:: DATA SECTION

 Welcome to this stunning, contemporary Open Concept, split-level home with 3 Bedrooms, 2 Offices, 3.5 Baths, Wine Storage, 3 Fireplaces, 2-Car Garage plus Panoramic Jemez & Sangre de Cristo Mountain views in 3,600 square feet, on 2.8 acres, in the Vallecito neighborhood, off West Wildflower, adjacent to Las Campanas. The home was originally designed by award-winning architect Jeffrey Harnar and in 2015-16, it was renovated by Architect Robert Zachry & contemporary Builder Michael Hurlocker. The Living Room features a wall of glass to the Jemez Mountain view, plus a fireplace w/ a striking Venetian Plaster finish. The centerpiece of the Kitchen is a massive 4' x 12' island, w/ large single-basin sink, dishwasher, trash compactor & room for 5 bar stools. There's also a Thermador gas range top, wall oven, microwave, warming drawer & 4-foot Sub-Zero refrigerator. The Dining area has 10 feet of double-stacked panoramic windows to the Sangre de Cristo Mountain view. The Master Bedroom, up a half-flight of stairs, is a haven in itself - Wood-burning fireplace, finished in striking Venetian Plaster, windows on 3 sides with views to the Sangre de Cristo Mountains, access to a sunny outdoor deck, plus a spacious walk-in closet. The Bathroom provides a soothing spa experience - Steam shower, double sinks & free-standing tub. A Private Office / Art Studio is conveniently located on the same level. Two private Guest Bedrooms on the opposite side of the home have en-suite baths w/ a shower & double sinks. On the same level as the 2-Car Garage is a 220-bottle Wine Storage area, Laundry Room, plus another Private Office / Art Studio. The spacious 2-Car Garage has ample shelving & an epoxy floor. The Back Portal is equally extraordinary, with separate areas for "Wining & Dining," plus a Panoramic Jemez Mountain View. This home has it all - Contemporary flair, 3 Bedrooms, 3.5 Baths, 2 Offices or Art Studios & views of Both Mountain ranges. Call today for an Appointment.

::::
:: DATA SECTION

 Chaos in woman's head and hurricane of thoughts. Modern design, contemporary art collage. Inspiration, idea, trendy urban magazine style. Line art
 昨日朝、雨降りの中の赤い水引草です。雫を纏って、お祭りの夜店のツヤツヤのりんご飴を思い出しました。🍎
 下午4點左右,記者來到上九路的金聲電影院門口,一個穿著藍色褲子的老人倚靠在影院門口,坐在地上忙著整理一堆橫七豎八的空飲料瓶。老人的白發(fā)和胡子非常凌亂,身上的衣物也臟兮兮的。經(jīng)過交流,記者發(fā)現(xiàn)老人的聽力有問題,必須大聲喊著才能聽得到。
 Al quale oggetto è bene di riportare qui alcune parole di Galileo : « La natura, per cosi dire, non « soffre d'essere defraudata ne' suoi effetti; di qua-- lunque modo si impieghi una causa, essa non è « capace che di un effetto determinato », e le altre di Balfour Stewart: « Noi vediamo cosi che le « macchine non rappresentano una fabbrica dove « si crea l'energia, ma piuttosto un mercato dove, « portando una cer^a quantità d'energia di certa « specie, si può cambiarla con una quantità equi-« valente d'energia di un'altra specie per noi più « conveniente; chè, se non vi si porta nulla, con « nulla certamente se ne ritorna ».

::::
:: DATA SECTION

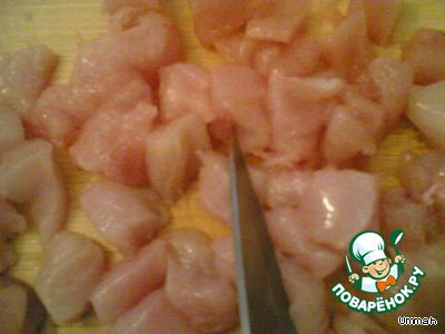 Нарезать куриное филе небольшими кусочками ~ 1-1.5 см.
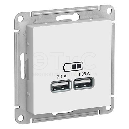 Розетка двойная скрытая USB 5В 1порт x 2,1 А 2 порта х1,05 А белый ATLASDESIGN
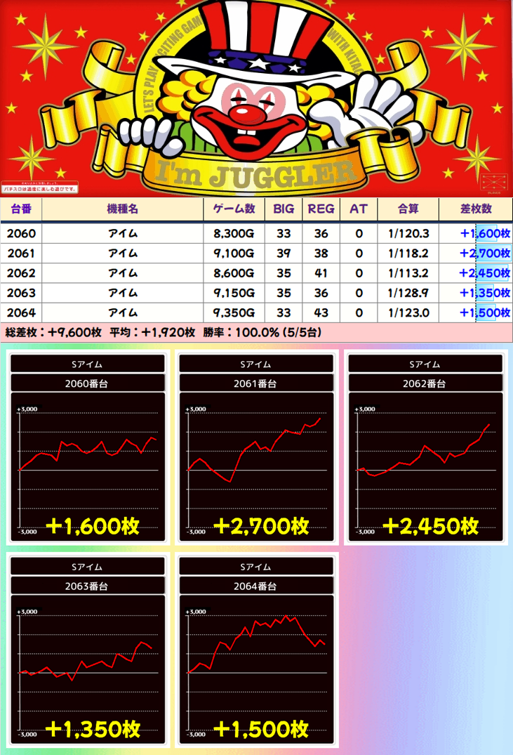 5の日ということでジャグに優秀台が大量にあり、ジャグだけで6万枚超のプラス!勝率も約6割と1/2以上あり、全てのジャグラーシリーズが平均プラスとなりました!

::::

## WORK TO BE COMPLETED:
Your task is to transcribe, with no changes, only the lines of the listing above that lie between the line holding "Chaos in woman's" and the line holding "Al quale oggetto", inclusive.

## EXPECTED ANSWER:
 Chaos in woman's head and hurricane of thoughts. Modern design, contemporary art collage. Inspiration, idea, trendy urban magazine style. Line art
 昨日朝、雨降りの中の赤い水引草です。雫を纏って、お祭りの夜店のツヤツヤのりんご飴を思い出しました。🍎
 下午4點左右,記者來到上九路的金聲電影院門口,一個穿著藍色褲子的老人倚靠在影院門口,坐在地上忙著整理一堆橫七豎八的空飲料瓶。老人的白發(fā)和胡子非常凌亂,身上的衣物也臟兮兮的。經(jīng)過交流,記者發(fā)現(xiàn)老人的聽力有問題,必須大聲喊著才能聽得到。
 Al quale oggetto è bene di riportare qui alcune parole di Galileo : « La natura, per cosi dire, non « soffre d'essere defraudata ne' suoi effetti; di qua-- lunque modo si impieghi una causa, essa non è « capace che di un effetto determinato », e le altre di Balfour Stewart: « Noi vediamo cosi che le « macchine non rappresentano una fabbrica dove « si crea l'energia, ma piuttosto un mercato dove, « portando una cer^a quantità d'energia di certa « specie, si può cambiarla con una quantità equi-« valente d'energia di un'altra specie per noi più « conveniente; chè, se non vi si porta nulla, con « nulla certamente se ne ritorna ».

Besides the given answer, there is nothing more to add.